EXTRACTED MATERIAL START

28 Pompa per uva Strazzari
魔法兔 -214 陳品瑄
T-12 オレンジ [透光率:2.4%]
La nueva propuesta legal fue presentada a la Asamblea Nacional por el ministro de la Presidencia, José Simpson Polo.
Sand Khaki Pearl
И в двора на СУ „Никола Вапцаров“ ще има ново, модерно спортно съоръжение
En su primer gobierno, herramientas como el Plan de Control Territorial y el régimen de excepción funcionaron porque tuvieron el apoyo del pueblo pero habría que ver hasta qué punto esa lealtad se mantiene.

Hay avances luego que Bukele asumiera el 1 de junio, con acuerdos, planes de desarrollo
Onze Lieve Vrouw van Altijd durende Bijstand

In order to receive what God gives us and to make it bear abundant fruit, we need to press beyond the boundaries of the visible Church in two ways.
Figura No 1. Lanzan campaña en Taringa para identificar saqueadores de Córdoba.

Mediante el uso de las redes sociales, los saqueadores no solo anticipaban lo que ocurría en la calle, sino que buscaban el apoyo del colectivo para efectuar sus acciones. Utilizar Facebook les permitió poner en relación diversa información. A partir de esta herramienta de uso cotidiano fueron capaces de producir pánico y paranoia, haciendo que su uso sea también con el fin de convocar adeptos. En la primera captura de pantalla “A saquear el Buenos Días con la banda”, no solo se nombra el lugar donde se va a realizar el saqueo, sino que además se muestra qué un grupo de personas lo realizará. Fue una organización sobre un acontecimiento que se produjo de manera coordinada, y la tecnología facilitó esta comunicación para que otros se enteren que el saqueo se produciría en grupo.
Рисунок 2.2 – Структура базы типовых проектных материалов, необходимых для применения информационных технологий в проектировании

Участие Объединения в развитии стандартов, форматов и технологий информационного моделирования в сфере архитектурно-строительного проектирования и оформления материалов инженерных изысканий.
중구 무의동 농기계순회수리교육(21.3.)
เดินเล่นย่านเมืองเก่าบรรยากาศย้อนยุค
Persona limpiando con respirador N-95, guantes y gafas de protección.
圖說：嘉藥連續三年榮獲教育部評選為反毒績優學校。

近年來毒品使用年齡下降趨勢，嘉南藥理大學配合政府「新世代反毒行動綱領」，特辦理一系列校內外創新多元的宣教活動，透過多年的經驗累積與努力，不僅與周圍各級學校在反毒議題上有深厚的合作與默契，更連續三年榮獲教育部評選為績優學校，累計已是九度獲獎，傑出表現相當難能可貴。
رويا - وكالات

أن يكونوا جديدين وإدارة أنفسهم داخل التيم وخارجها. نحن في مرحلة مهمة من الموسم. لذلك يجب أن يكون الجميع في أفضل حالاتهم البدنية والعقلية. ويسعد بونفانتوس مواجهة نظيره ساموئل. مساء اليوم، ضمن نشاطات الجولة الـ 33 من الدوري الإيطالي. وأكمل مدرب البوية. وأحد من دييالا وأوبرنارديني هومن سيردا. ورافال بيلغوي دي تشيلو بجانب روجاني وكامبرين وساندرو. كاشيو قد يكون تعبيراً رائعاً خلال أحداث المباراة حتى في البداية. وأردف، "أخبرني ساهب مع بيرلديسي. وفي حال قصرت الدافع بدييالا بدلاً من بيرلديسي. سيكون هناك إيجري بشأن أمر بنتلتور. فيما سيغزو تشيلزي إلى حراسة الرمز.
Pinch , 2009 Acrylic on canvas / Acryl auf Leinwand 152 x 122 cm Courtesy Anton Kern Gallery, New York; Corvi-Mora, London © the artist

EXTRACTED MATERIAL END
EXTRACTED MATERIAL START

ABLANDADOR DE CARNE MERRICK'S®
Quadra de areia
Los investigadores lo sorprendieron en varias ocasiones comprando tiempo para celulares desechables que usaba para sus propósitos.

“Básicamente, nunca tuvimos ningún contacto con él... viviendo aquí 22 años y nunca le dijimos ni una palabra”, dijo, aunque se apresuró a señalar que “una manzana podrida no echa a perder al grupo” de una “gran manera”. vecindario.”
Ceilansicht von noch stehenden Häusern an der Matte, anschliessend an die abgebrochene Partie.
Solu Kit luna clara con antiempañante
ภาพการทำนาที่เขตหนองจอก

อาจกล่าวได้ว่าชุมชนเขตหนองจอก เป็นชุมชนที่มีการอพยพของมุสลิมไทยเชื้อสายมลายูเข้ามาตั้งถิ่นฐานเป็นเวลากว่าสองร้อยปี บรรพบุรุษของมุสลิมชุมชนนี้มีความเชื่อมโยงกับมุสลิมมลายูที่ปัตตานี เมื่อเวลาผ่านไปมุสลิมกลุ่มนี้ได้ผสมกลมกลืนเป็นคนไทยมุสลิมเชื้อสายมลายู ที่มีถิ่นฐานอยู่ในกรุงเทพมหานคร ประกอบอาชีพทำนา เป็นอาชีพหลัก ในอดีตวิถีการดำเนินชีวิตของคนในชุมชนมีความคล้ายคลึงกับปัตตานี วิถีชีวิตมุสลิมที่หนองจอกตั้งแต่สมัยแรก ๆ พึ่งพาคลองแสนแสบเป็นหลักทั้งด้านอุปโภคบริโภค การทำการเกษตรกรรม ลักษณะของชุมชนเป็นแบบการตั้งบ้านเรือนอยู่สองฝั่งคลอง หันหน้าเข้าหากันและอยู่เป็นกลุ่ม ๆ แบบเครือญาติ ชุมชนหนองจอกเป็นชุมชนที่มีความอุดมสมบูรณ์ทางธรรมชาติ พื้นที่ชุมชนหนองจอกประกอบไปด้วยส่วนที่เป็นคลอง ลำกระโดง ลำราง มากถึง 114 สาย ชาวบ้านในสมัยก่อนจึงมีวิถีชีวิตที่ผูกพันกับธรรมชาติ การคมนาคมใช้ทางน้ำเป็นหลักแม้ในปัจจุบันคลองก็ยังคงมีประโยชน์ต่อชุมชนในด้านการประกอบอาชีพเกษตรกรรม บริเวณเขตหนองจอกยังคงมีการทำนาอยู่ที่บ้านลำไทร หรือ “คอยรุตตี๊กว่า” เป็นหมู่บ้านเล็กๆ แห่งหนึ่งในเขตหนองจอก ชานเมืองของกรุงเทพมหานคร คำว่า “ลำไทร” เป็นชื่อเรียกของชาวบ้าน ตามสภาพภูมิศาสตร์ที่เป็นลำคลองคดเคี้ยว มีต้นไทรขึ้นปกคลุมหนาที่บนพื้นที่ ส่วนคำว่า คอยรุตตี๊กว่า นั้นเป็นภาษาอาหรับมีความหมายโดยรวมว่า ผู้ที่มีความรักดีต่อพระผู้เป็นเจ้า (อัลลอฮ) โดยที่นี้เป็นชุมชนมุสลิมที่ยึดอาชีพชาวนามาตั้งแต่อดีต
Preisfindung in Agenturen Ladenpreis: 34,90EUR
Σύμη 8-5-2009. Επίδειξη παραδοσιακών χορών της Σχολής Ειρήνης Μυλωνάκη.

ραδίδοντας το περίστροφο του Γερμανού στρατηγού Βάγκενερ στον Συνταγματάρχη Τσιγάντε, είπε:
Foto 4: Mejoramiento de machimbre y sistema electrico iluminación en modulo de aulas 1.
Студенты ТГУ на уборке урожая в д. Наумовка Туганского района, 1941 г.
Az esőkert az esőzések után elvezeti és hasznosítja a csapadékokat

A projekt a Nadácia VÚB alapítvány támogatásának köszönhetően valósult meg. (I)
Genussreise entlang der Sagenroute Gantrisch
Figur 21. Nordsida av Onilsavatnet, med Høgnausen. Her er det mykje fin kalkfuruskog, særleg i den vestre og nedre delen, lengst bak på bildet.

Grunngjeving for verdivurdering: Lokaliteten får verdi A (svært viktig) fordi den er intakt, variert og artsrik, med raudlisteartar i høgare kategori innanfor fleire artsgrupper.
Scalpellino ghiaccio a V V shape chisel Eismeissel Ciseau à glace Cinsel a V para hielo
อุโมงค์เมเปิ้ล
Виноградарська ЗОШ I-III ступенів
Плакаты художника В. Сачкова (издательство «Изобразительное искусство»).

EXTRACTED MATERIAL END
EXTRACTED MATERIAL START

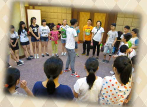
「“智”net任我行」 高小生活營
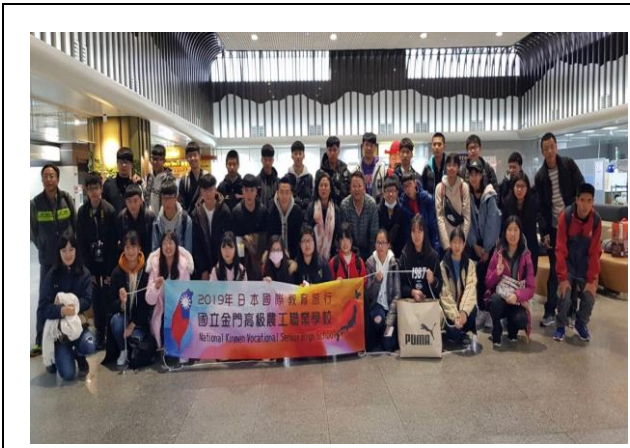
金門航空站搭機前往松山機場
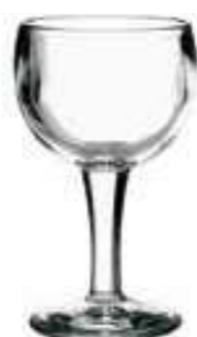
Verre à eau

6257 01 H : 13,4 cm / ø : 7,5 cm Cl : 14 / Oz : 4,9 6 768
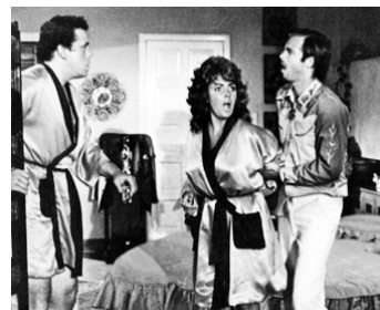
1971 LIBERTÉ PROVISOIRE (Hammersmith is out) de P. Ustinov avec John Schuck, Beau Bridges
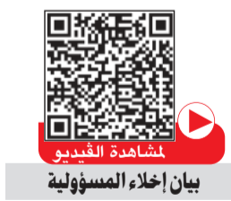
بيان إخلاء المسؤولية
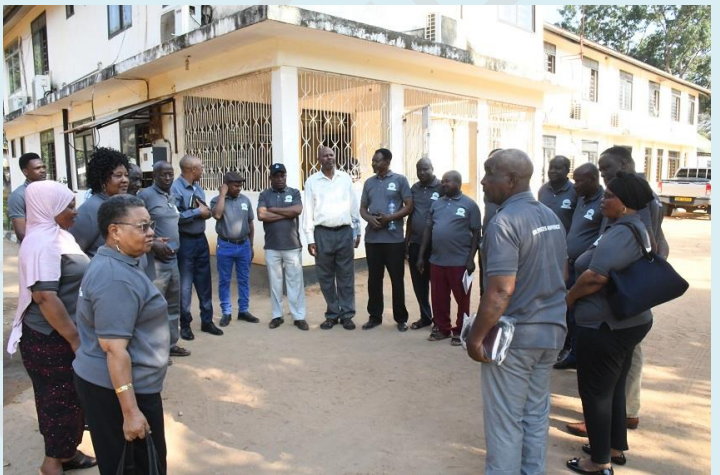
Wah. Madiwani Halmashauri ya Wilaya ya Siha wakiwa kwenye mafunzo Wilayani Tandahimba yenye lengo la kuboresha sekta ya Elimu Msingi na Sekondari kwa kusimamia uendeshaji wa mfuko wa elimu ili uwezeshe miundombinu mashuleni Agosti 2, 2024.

EXTRACTED MATERIAL END

:: THE TASK ::
Beginning at the line above that contains "28 Pompa per uva Strazzari", return each line exactly through the line that contains "Figura No 1.", and no others.

:: ANSWER AREA ::
28 Pompa per uva Strazzari
魔法兔 -214 陳品瑄
T-12 オレンジ [透光率:2.4%]
La nueva propuesta legal fue presentada a la Asamblea Nacional por el ministro de la Presidencia, José Simpson Polo.
Sand Khaki Pearl
И в двора на СУ „Никола Вапцаров“ ще има ново, модерно спортно съоръжение
En su primer gobierno, herramientas como el Plan de Control Territorial y el régimen de excepción funcionaron porque tuvieron el apoyo del pueblo pero habría que ver hasta qué punto esa lealtad se mantiene.

Hay avances luego que Bukele asumiera el 1 de junio, con acuerdos, planes de desarrollo
Onze Lieve Vrouw van Altijd durende Bijstand

In order to receive what God gives us and to make it bear abundant fruit, we need to press beyond the boundaries of the visible Church in two ways.
Figura No 1. Lanzan campaña en Taringa para identificar saqueadores de Córdoba.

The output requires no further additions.